* **Action item**
When you write out the records, keep every word exact and drop the pictures.

[Records from a data collection]
[Start of section]

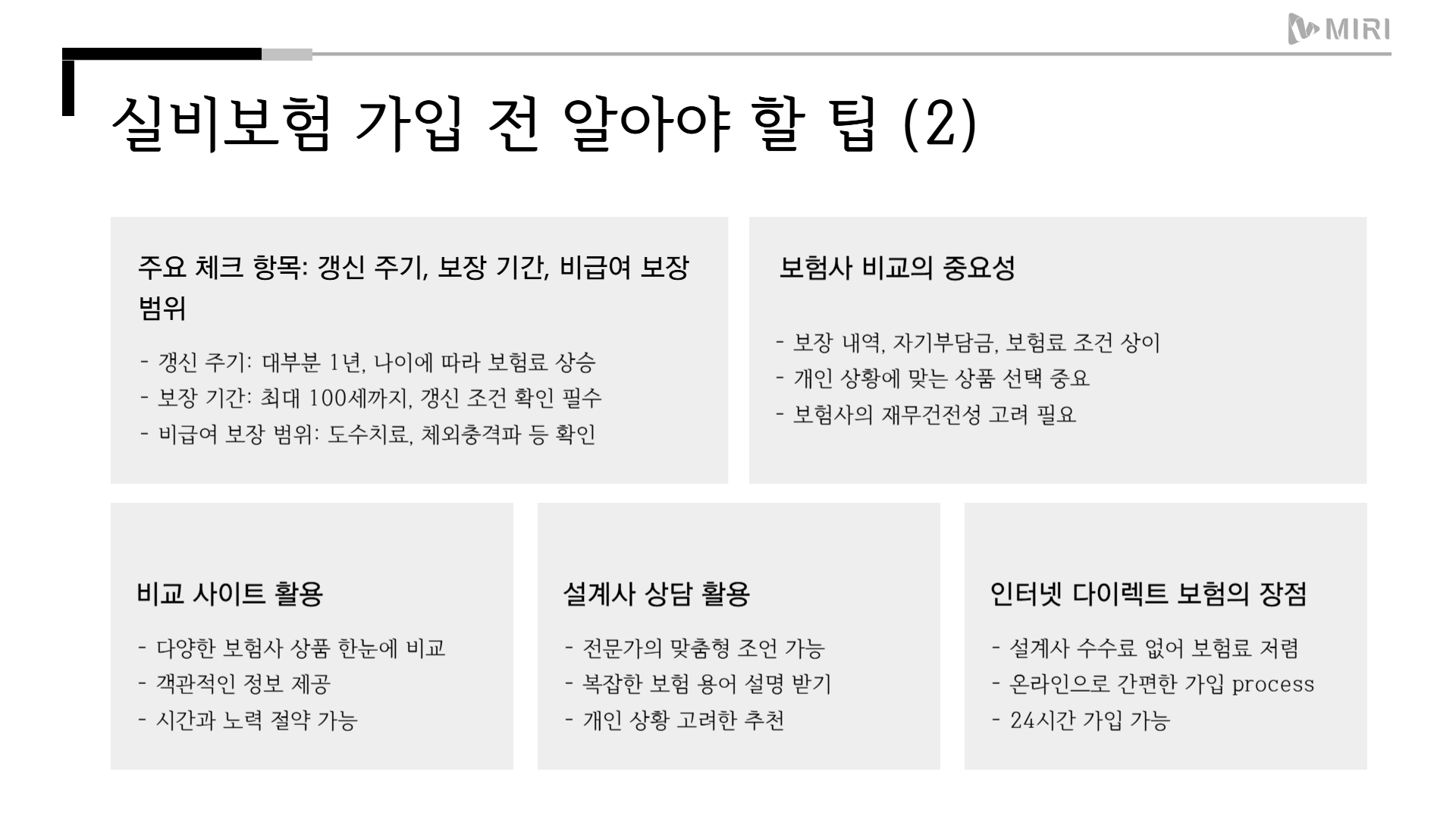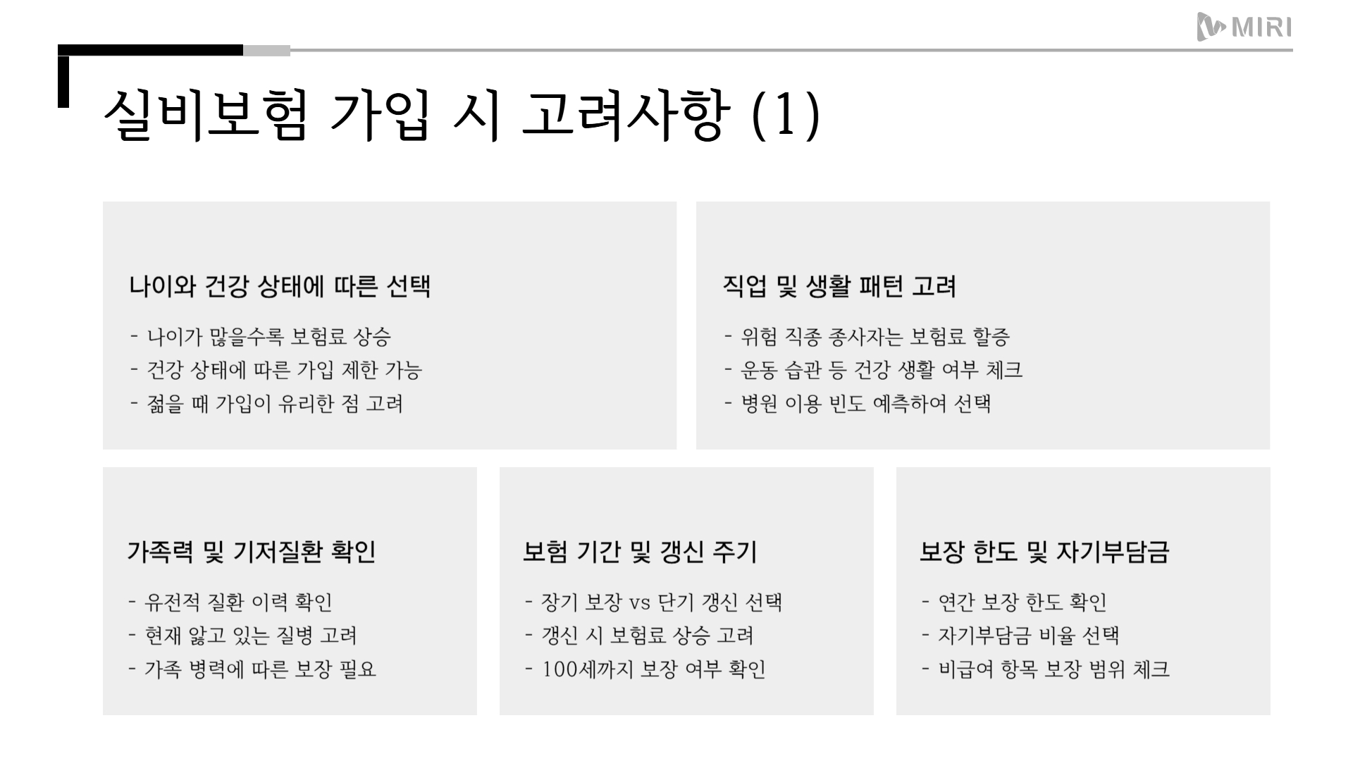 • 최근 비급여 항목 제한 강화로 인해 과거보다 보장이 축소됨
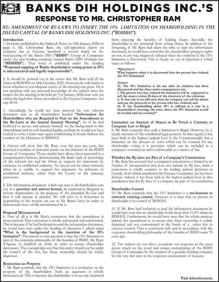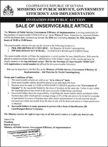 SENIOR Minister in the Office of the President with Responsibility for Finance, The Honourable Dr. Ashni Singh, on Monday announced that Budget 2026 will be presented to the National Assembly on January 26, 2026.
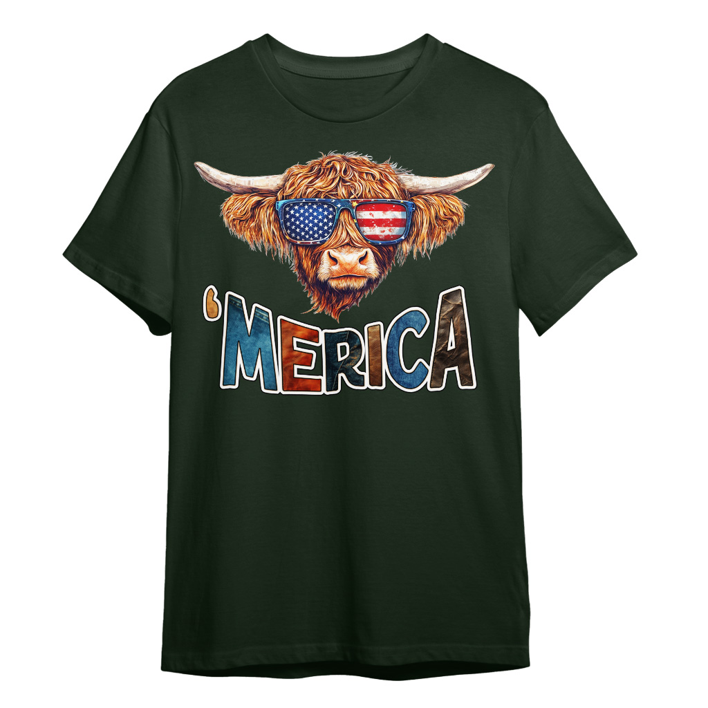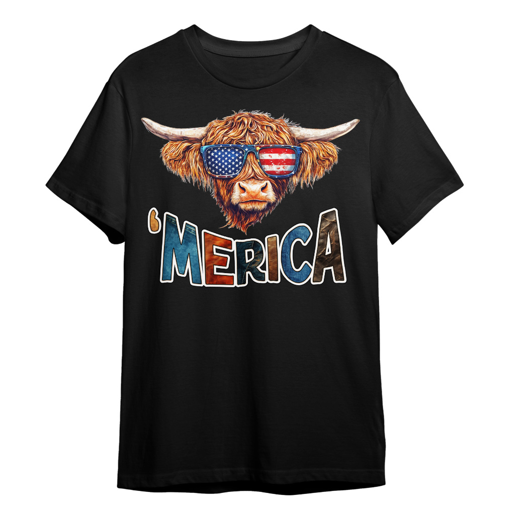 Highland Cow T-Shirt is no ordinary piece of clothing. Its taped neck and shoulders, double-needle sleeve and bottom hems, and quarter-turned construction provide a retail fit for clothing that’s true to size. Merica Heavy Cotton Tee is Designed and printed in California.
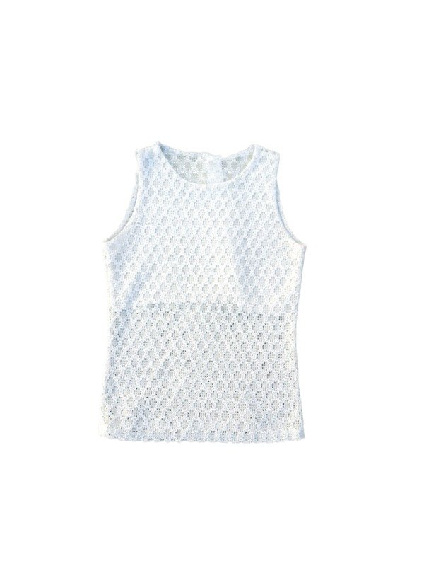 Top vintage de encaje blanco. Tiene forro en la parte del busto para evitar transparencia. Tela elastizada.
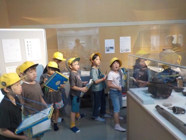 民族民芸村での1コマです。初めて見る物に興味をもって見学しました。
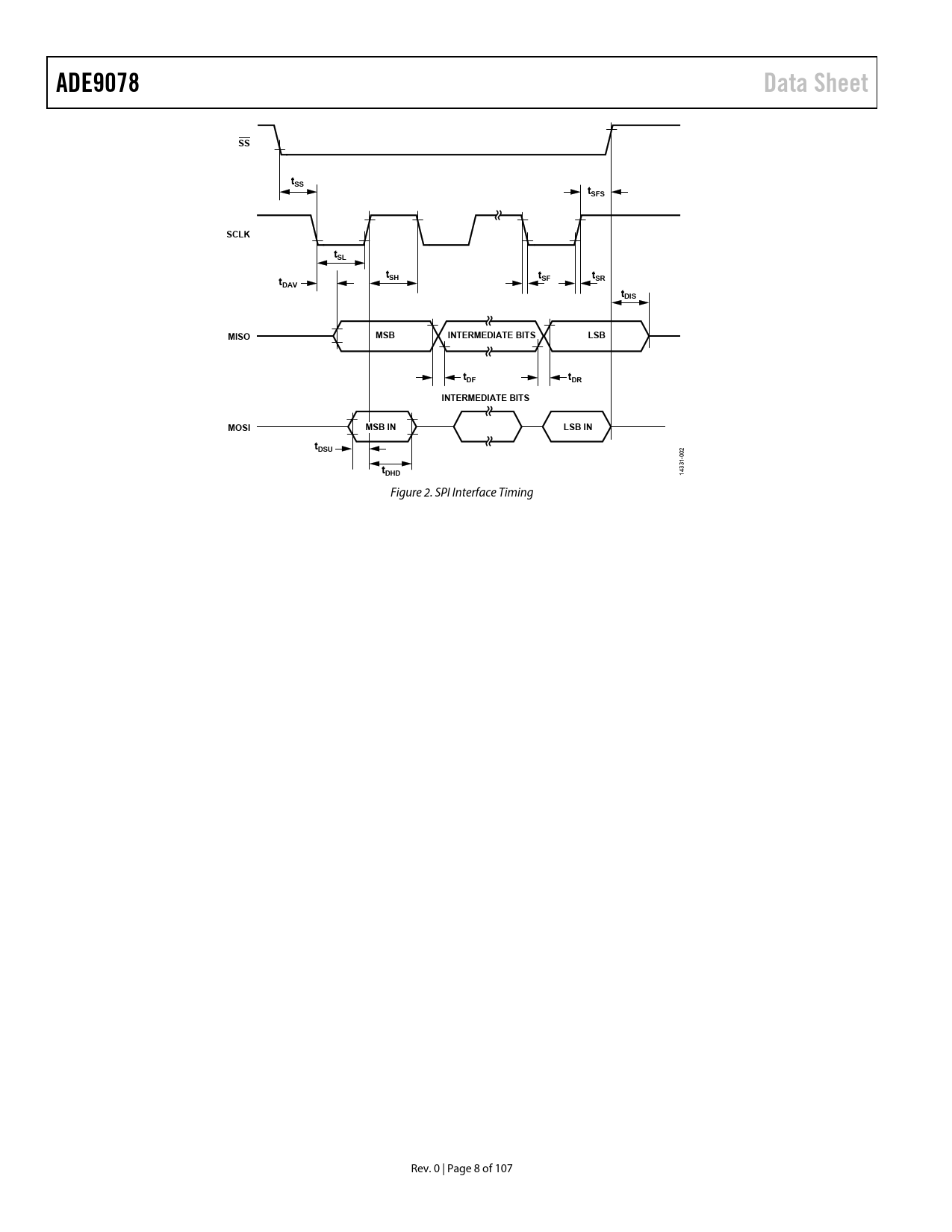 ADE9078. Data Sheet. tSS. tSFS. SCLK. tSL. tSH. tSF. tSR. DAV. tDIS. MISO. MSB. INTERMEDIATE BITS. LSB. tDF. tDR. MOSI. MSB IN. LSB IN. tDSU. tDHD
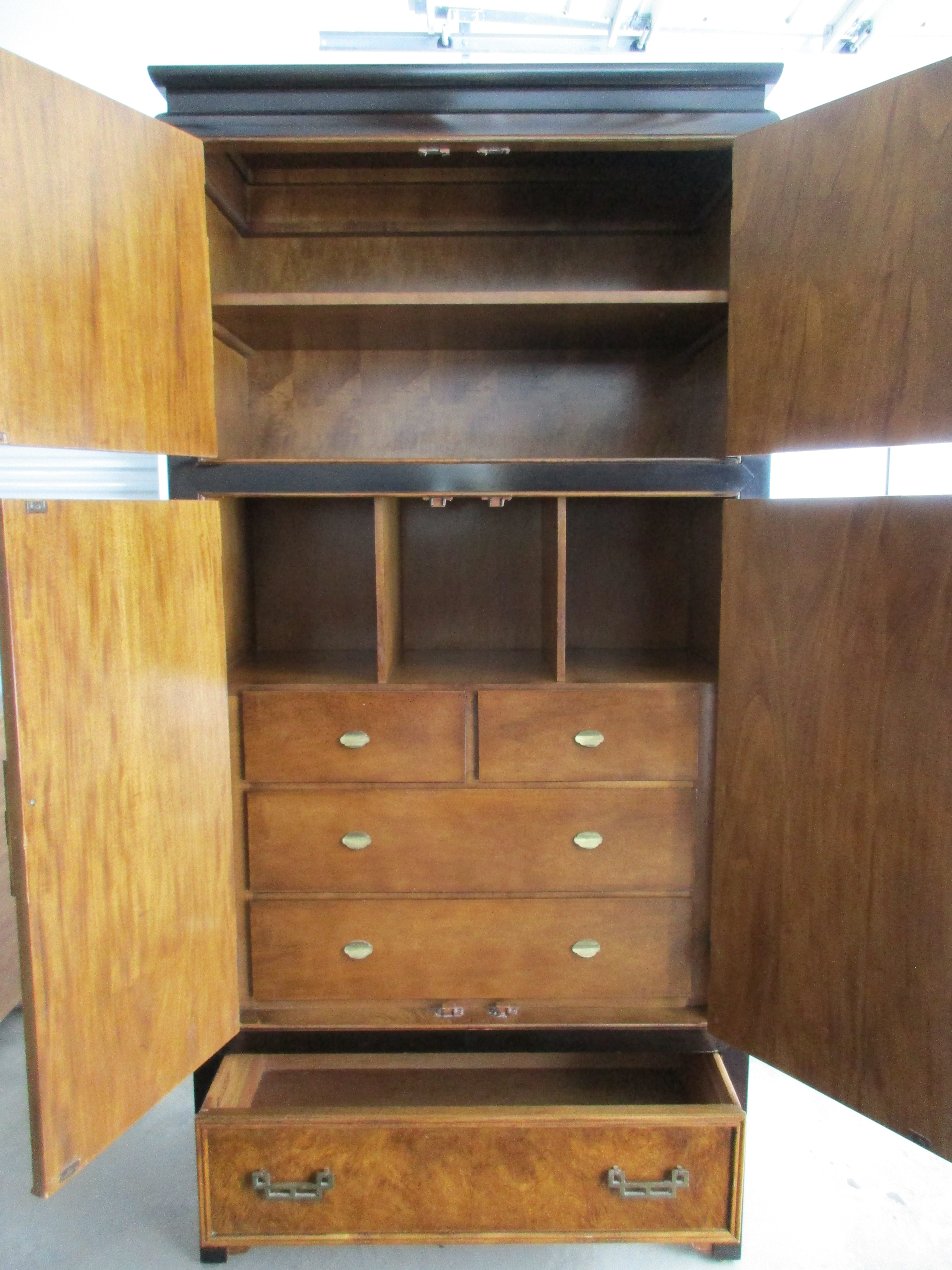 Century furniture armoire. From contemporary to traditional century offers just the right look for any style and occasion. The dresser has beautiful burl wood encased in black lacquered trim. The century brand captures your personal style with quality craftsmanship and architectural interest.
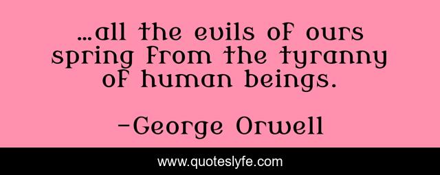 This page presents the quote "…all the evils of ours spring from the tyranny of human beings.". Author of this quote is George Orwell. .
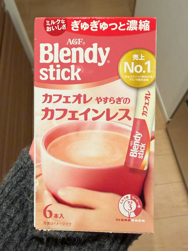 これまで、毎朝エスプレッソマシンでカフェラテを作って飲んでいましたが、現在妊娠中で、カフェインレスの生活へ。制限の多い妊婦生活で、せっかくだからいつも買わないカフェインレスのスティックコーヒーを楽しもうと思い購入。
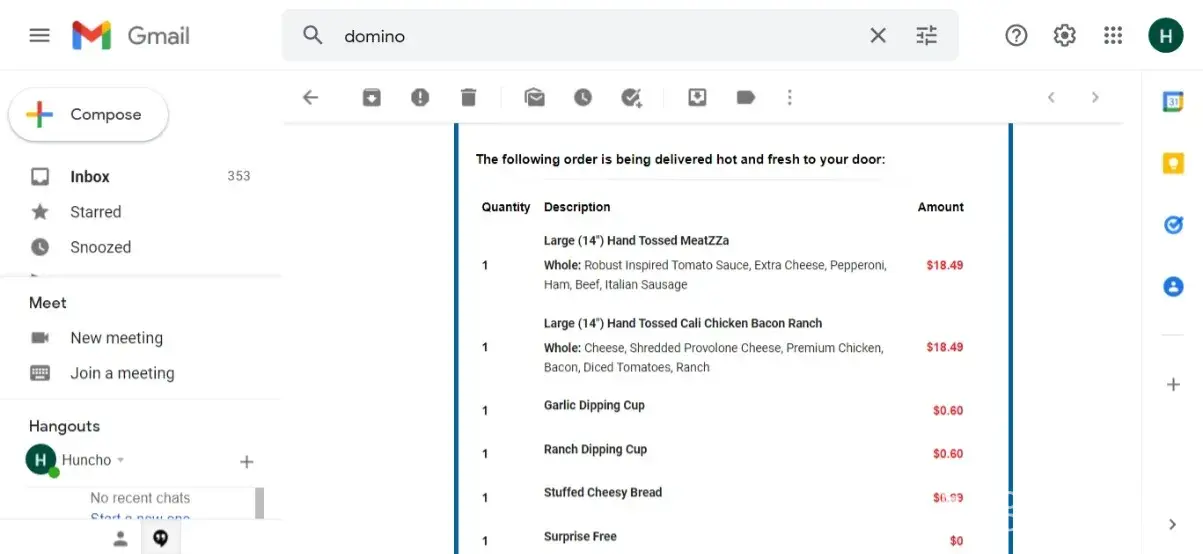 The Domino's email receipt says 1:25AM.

[End of section]

* **Written solution**
 • 최근 비급여 항목 제한 강화로 인해 과거보다 보장이 축소됨
 SENIOR Minister in the Office of the President with Responsibility for Finance, The Honourable Dr. Ashni Singh, on Monday announced that Budget 2026 will be presented to the National Assembly on January 26, 2026.
 Highland Cow T-Shirt is no ordinary piece of clothing. Its taped neck and shoulders, double-needle sleeve and bottom hems, and quarter-turned construction provide a retail fit for clothing that’s true to size. Merica Heavy Cotton Tee is Designed and printed in California.
 Top vintage de encaje blanco. Tiene forro en la parte del busto para evitar transparencia. Tela elastizada.
 民族民芸村での1コマです。初めて見る物に興味をもって見学しました。
 ADE9078. Data Sheet. tSS. tSFS. SCLK. tSL. tSH. tSF. tSR. DAV. tDIS. MISO. MSB. INTERMEDIATE BITS. LSB. tDF. tDR. MOSI. MSB IN. LSB IN. tDSU. tDHD
 Century furniture armoire. From contemporary to traditional century offers just the right look for any style and occasion. The dresser has beautiful burl wood encased in black lacquered trim. The century brand captures your personal style with quality craftsmanship and architectural interest.
 This page presents the quote "…all the evils of ours spring from the tyranny of human beings.". Author of this quote is George Orwell. .
 これまで、毎朝エスプレッソマシンでカフェラテを作って飲んでいましたが、現在妊娠中で、カフェインレスの生活へ。制限の多い妊婦生活で、せっかくだからいつも買わないカフェインレスのスティックコーヒーを楽しもうと思い購入。
 The Domino's email receipt says 1:25AM.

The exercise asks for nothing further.